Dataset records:
□ □ □ □ □

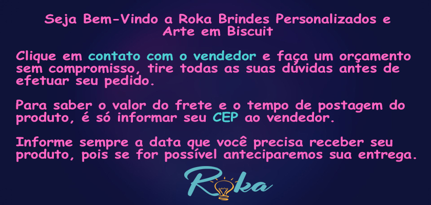 Seja bem -vindo a Roka Brindes Personalizados! Produtos artesanais sob encomenda *Para saber quando o seu pedido vai chegar pra vc, considere o prazo de produção + o prazo de postagem do produto ( contando em dias úteis ) e se precisar receber antes informe a data ao vendedor para ver a possibilidade de antecipar sua entrega *Todo pedido feito e depois cancelado prejudica o vendedor *O prazo de entrega será contado a partir da data de confirmação de seu pagamento *Quando o produto for personalizado, a arte será enviada para a sua aprovação. Vc deve ficar atento as mensagens .No caso de falta de resposta do cliente na aprovação da arte em tempo hábil para a postagem dentro do prazo, o pedido será enviado sem a personalização, para que não ocorra atraso no envio do mesmo. Não cabendo reclamações posteriores. *Ao receber sua encomenda confirme a entrega e deixe sua avaliação pois, ela é importante para novos compradores como você medirem a qualidade do atendimento e de nossos produtos. Obrigado pela visita Equipe Roka
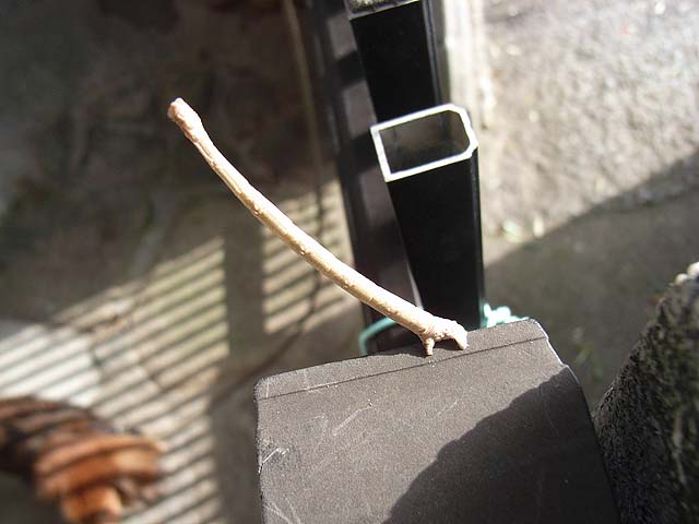 それで、ちょっと突っついたりしてみたんですが、辛抱強く小枝のフリを続けて、正体を明かそうとしませんね。
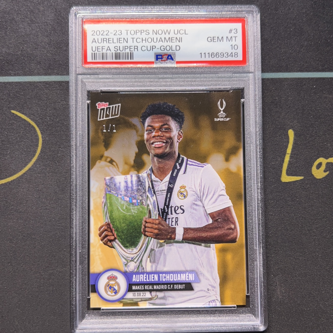 2022-23 Topps Now Aurélien Tchouameni 楚阿梅尼 皇马 雷恩 西甲 法甲 法国中场 欧冠冠军 欧洲超级杯冠军 夺冠 捧杯 金折 爆金 1/1 1编 psa10 满分
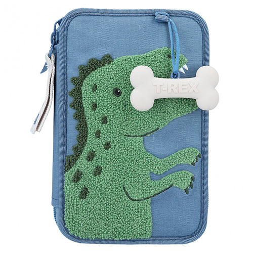 Penál dvě patra s výbavou Dino World, Modrý, zelený plyšový T-Rex
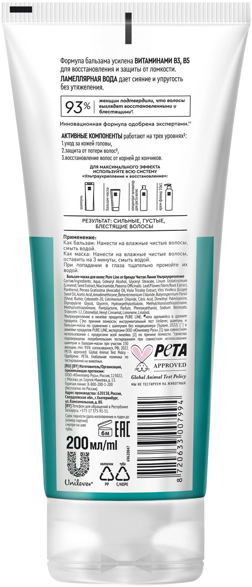 Для сильных и ухоженных волос попробуйте бальзам-маску Ультраукрепление Pure Line от бренда Чистая Линия. Формула продукта усилена витаминами В3, B5 для восстановления и защиты от ломкости. Ламеллярная вода дает сияние и упругость без утяжеления. Инновационная формула одобрена экспертами. Продукт может быть использован как бальзам и как маска. Не утяжеляет волосы и подходит для ежедневного применения.
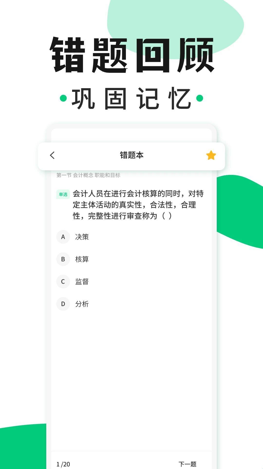 2、内置丰富章节练习,紧扣会计知识要点,每个章节都精心设置题目,循序渐进,帮你夯实基础,稳步提升专业素养。
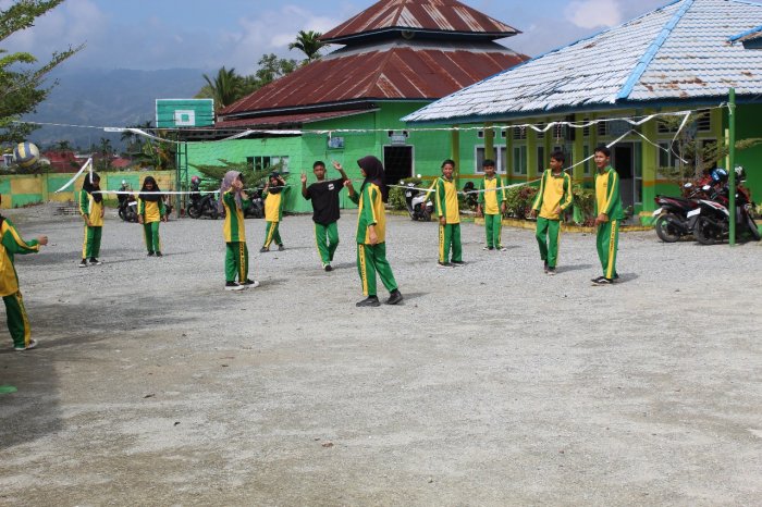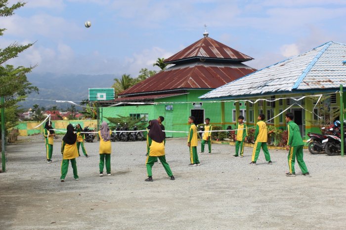 Kerinci – Siswa kelas VIII C MTsN 1 Kerinci melaksanakan kegiatan praktik permainan bola voli dalam pembelajaran Pendidikan Jasmani, Olahraga, dan Kesehatan (Penjasorkes) bersama guru pengampu, Bapak Iqbal Arrahman, S.Pd., M.Pd.,.

□ □ □ □ □

• **Work order**
Return the records word for word, leaving every picture out of the copy.

• **Your solution**
 Seja bem -vindo a Roka Brindes Personalizados! Produtos artesanais sob encomenda *Para saber quando o seu pedido vai chegar pra vc, considere o prazo de produção + o prazo de postagem do produto ( contando em dias úteis ) e se precisar receber antes informe a data ao vendedor para ver a possibilidade de antecipar sua entrega *Todo pedido feito e depois cancelado prejudica o vendedor *O prazo de entrega será contado a partir da data de confirmação de seu pagamento *Quando o produto for personalizado, a arte será enviada para a sua aprovação. Vc deve ficar atento as mensagens .No caso de falta de resposta do cliente na aprovação da arte em tempo hábil para a postagem dentro do prazo, o pedido será enviado sem a personalização, para que não ocorra atraso no envio do mesmo. Não cabendo reclamações posteriores. *Ao receber sua encomenda confirme a entrega e deixe sua avaliação pois, ela é importante para novos compradores como você medirem a qualidade do atendimento e de nossos produtos. Obrigado pela visita Equipe Roka
 それで、ちょっと突っついたりしてみたんですが、辛抱強く小枝のフリを続けて、正体を明かそうとしませんね。
 2022-23 Topps Now Aurélien Tchouameni 楚阿梅尼 皇马 雷恩 西甲 法甲 法国中场 欧冠冠军 欧洲超级杯冠军 夺冠 捧杯 金折 爆金 1/1 1编 psa10 满分
 Penál dvě patra s výbavou Dino World, Modrý, zelený plyšový T-Rex
 Для сильных и ухоженных волос попробуйте бальзам-маску Ультраукрепление Pure Line от бренда Чистая Линия. Формула продукта усилена витаминами В3, B5 для восстановления и защиты от ломкости. Ламеллярная вода дает сияние и упругость без утяжеления. Инновационная формула одобрена экспертами. Продукт может быть использован как бальзам и как маска. Не утяжеляет волосы и подходит для ежедневного применения.
 2、内置丰富章节练习,紧扣会计知识要点,每个章节都精心设置题目,循序渐进,帮你夯实基础,稳步提升专业素养。
 Kerinci – Siswa kelas VIII C MTsN 1 Kerinci melaksanakan kegiatan praktik permainan bola voli dalam pembelajaran Pendidikan Jasmani, Olahraga, dan Kesehatan (Penjasorkes) bersama guru pengampu, Bapak Iqbal Arrahman, S.Pd., M.Pd.,.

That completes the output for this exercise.